Small-Scale solar power is going to profoundly change the lives of millions, especially in Africa. In Rwanda, one of Africa’s most densely-populated countries, it can cost as much as $2,000 to connect a house to the grid. After an 80% fall in the cost of solar panels over the last six years, innovations in financing, and the development of electronic devices that use less juice (think LED bulbs), an off-grid solar setup that has immense use in Rwanda can be had for a tenth of the cost of connecting to the grid. In a country where fewer than one in ten homes have access to electricity, the potential is huge.
The Economist has more of the details. You can read the article in its entirety here. It is well worth the time.
In short, poor people in a continent in which two of every three people have no access to power may soon be able to do many of the things that their counterparts in rich countries can do, other, perhaps, than running energy-hogging appliances such as tumble dryers and dishwashers. And they will be able do so at a fraction of the cost of traditional sources of energy while also acting as a testing ground for technologies that may even make their way back from poor countries to rich ones.
Off-grid solar is spreading at an electrifying pace. An industry that barely existed a few years ago is now thought to be providing power to perhaps 600,000 households in Africa. The pace of growth is accelerating in a continent that, more than any other, is rich in sunshine (see map). Industry executives reckon that over the next year the number of home-power systems on African roofs will grow by 60-100%. M-Kopa, the market leader, has installed 400,000 systems and, at its current rate of growth, may add another 200,000 to that number over the next year. Smaller rivals such as Off Grid Electric, Bboxx and Azuri Technologies may well double their client base over the same period.
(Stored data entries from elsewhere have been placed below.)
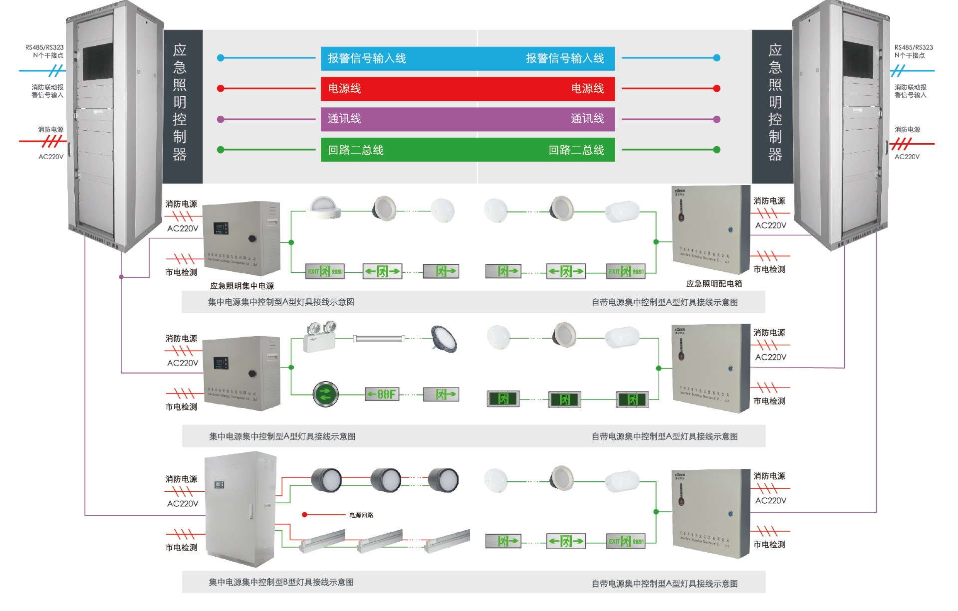 控制器(落地)+電源(A型+B型)/配電箱+集電集控燈具(A 型+B型)/自電集控燈具(A型)
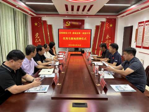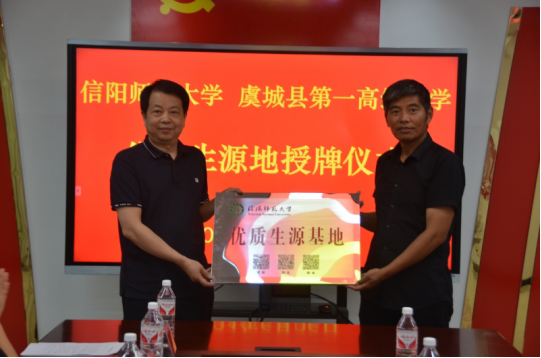 为了进一步加强高校与中学之间的交流合作,优化生源结构和提升生源质量,6月26日上午,欧美av 党委书记雷前龙、党委副书记路璐、旅游管理系主任罗艳玲、就业工作秘书黄倩一行四人赴商丘市虞城县第一高级中学举行“优质生源基地”签约授牌仪式暨招生宣传工作,商丘市虞城县教体局副局长杨海旺、商丘市虞城县第一高级中学党委书记余坤、校长李连生、欧美av 商丘校友会会长、商丘市基础教育发展中心主任李青峰、欧美av 商丘校友会秘书长郑华鑫等出席签约仪式。
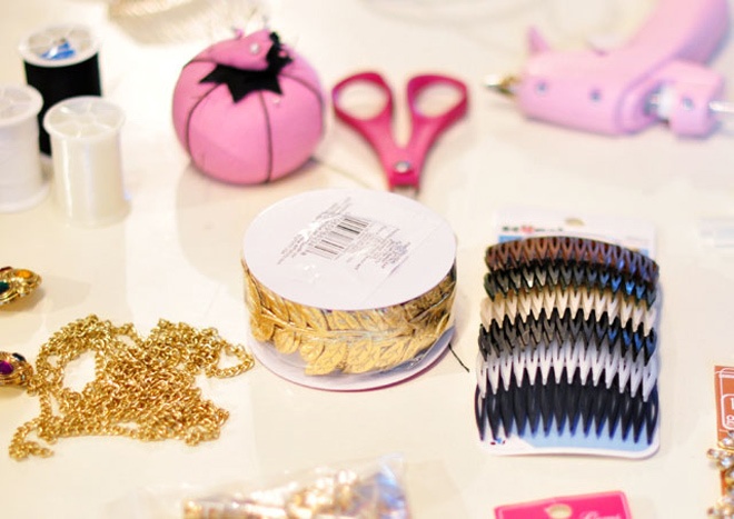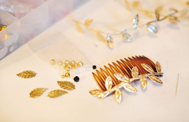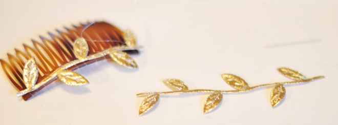 | Trước tiên, bạn cần có một chiếc cài tóc hình lược bằng kim loại hoặc bằng nhựa, một hộp keo dán, kim và chỉ nylon trong suốt bản nhỏ, những sợi dây trang trí hình lá ánh kim, vài chiếc lá rời chất liệu ánh kim, dây chuyền ánh kim sợi nhỏ, vài hạt cườm ánh kim, hoặc giả ngọc trai trắng, hồng hay đen để trang trí thêm. |

This fast pace of growth suggests that, if sustained, off-grid connections will within a few years outstrip the rate at which people are being connected to the grid, leapfrogging power lines in much the same way that mobile phones bypassed fixed-line telephone networks. This promises not just to improve millions of lives but to help deal with a chronic shortage of power that, the World Bank reckons, trims about two percentage points from Africa’s annual economic growth.